My experience working at Spectrum Industries that summer in 1970 made me aware of the possibilities of earning a living in commercial art, which might provide me with a living, and give me the ability to create fine art in any extra free time I could manage. Soon after, I learned to create engineering drawings for aeronautics companies, I learned how to be a professional sign painter, I became a commercial artist, an illustrator and a graphic designer. In the remaining hours I drew, drew and drew, and I painted, painted and painted. I never stopped, and my inventory of fine art works grew.
I have provided this background to explain why the images on this site are categorized and organized as they are. My working life in art is and has been about visual communication, which applies to both my fine arts as well as my commercial works. On my journey, I found the means and a way to hold onto and maintain my dream of being an artist, and I have done it on my own. I mention this only to encourage others who might wish to follow down the path I chose. No doubt, it is a long, tough and egregious journey; nevertheless, I have proven, it can be done if you desire to achieve it. The key for it to have happened for me was to understand just how fine art relates to commercial art. So what's the link? They each share the same purpose. But exactly what is that purpose? It is to “communicate”. I believe that if an artist turns his or her nose away from commercial work for political reasons, such as the distaste of capitalism and monetary compensation, or other such as irrationalities, an artist will do himself an enormous disservice, while stunting his creative growth and future success. Sadly, higher education encourages art students to look down on making art for a living. Too many encourage the “starving artist” approach; in other words, be an honorable loser, stay pure and poor! However, art giants such as Pablo Picasso did not see it that way, and found no honor, nor dignity in turning down the millions for his works.
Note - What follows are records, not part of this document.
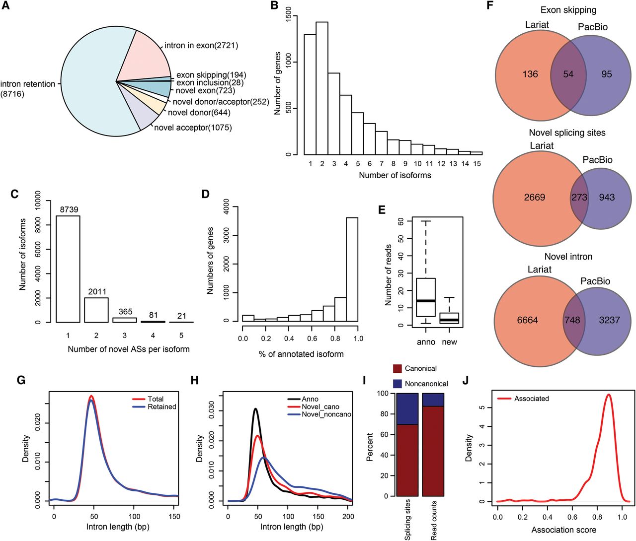 Landscape of alternative splicing events during S. pombe meiosis. (A) Pie chart showing the fraction of different types of alternative splicing events in S. pombe. Numbers of alternative splicing for each type are listed after the names. (B) Count of genes with different number of isoforms. (C) Isoforms broken up by the number of novel alternative splicing events discovered in individual isoforms. (D) Genes broken up by the percentage of FL CCS reads corresponding to the annotated isoforms. (E) Box plot showing the numbers of FL CCS reads supporting annotated and novel antisense transcripts. (F) Venn graphs showing the comparison between AS events detected by PacBio sequencing and lariat sequencing. (G) Length distribution of all annotated introns and of retained introns. (H) Length distribution of annotated introns, novel introns with canonical splicing sites, and novel introns with noncanonical splicing sites. (I) Fractions of canonical and noncanonical splicing sites (left) and of their supporting read counts (right). (J) Distribution of intra-genic association score for alternative intron pairs at FDR = 0.05.
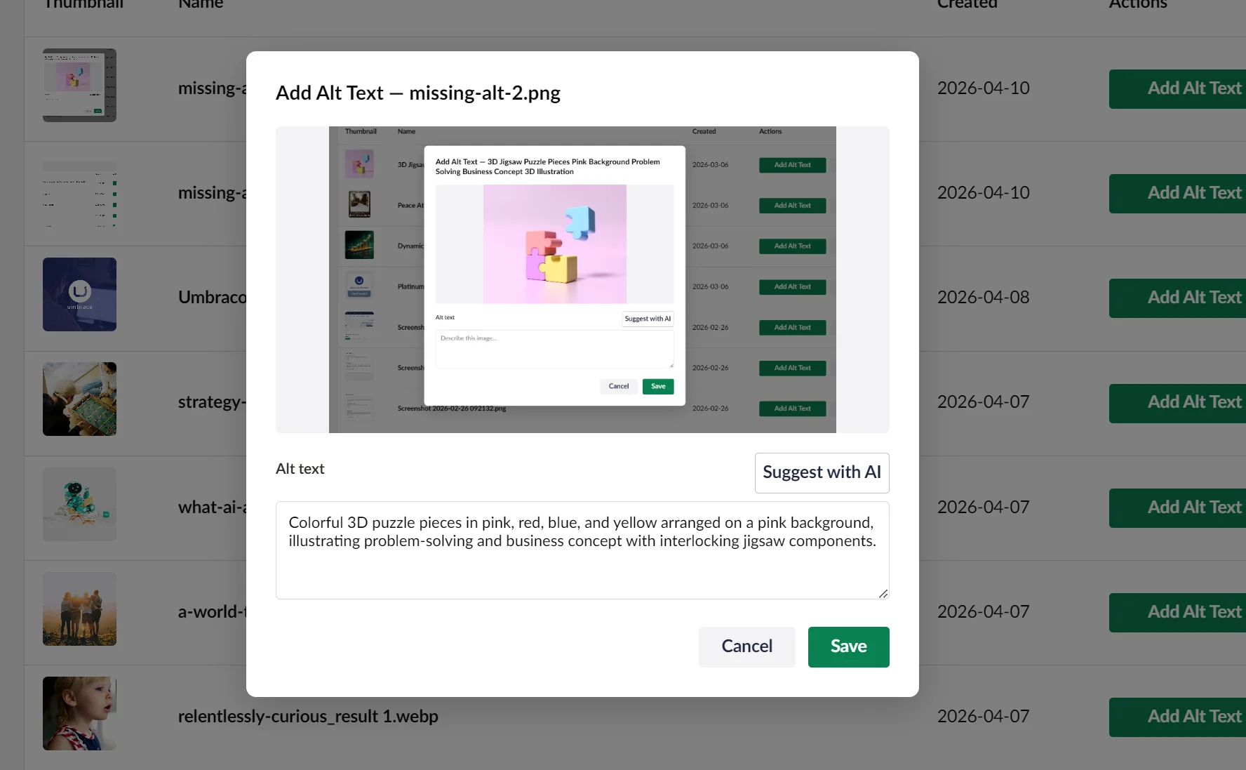 The Missing Alt Text Dashboard helps you quickly find missing Alt tags, review, populate or get AI to do the heavy lifting for you.
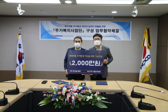 한국전력공사 부산울산본부는 30일 본부 3층 경영상황실에서 취약계층 주거환경 개선과 저소득층 일자리 창출을 위해 부산지역자활센터협회와 ‘주거복지사업단’ 구성을 위한 MOU를 체결했다.
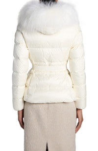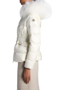 Silky genuine shearling at the hood brings a plush element to this down puffer crafted from longue saison fabric and finished with a removable elastic belt. Two-way front-zip closure Fixed hood Front zip pockets Removable belt Lined, with down fill 100% polyamide with genuine shearling (Romania) trim Machine wash, line dry; remove shearling for professional fur clean Imported Designer Clothing

Nor did his marketer approach discourage fine art professors from bringing their classes to metropolitan art museums all over the world to see and pay homage his esteemed works!
I for one, have always believed that too much politics destroys the creative process. Is it required after all, that an honest artist destroys and dismantles certain topics and subjects in order for his viewers to respect him and his works? These are fine lines to consider in the making of art. Still, there are countless ways to reveal and communicate in art, and the very best, most sophisticated methods of telling a story on canvas seem to be executed in calculated nuances and details of powerful expression. After all, do not the best works of art leave a detail or two for the viewer to discover, such as “what does her smile mean?”